Vocês vêem que, à diferença da idéia de afecção, ao invés de ser a apreensão da mistura
extrínseca de um corpo com outro, ou do efeito de um corpo sobre outro, a noção
elevou-se à compreensão da causa, a saber: se a mistura produz este ou aquele efeito, é
em virtude da natureza da relação entre os corpos considerados e da maneira pela qual a
relação de um corpo se compõe com a relação do outro corpo. Sempre existe
composição de relações. Quando eu sou envenenado, é porque o corpo arsênico induziu
as partes de meu corpo a entrar sob uma relação diferente da relação que me caracteriza.
Nesse momento, as partes do meu corpo entram sob uma nova relação (induzida pelo
arsênico) que se compõe perfeitamente com o arsênico; o arsênico está feliz porque ele
se nutre de mim. O arsênico experimenta uma paixão alegre pois, como bem disse
Spinoza, todo corpo possui uma alma. Portanto o arsênico está alegre, mas eu,
evidentemente, não estou. Ele induziu partes de meu corpo a entrar sob uma relação que
se compõe com ele, arsênico. Quanto a mim, eu estou triste, eu vou morrer. Vocês vêem
que a noção, se pudermos chegar a ela, é um truque formidável.
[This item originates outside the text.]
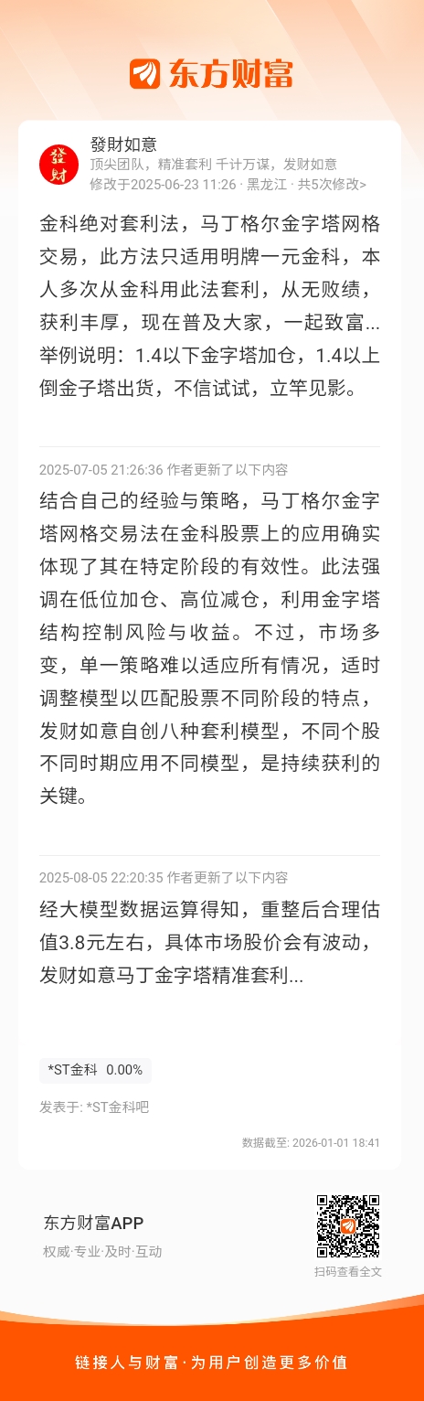 金科绝对套利法,马丁格尔金字塔网格交易,此方法只适用明牌一元金科,本人多次从金科用此法套利,从无败绩,获利丰厚,现在普及大家,一起致富...举例说明:1.4以下金字塔加仓,1.4以上倒金子塔出货,不信试试,立竿见影。

Não estamos longe de uma geometria analítica. Uma noção não é de modo algum
abstrata, ela é muito concreta: este corpo, aquele corpo. Se eu estivesse de posse da
relação característica da alma e do corpo daquele de quem digo que não me agrada, em
relação à minha própria relação característica, eu compreenderia tudo, eu conheceria
pelas causas ao invés de conhecer apenas efeitos separados de suas causas. Nesse
momento, eu teria uma idéia adequada. O mesmo aconteceria se eu compreendesse
porque alguém me agrada. Eu tomei como exemplo as relações alimentares, mas não é
preciso mudar uma linha para dar conta das relações amorosas. Não é que Spinoza
conceba o amor como alimentação, pois ele também concebe a alimentação como amor.
Tomemos um casamento à Strindberg, essa espécie de decomposição de relações que
depois se recompõe para recomeçar. O que é essa variação contínua do affectus, e como
é possível que certa inconveniência convenha a alguns? Por que alguns só podem viver
sob a forma de uma cena conjugal indefinidamente repetida? Eles saem dela como se
fosse para eles um banho de água fresca.

Vocês compreendem a diferença entre uma idéia-noção e uma idéia-afecção. Uma idéia-
noção é forçosamente adequada porque é um conhecimento pelas causas. Spinoza não
emprega somente o termo noção para qualificar esse segundo tipo de idéia, mas
emprega o termo noção comum. A palavra é bastante ambígua: Será que ela quer dizer
"comum a todos os espíritos"? Sim e não; Spinoza é muito minucioso a esse respeito.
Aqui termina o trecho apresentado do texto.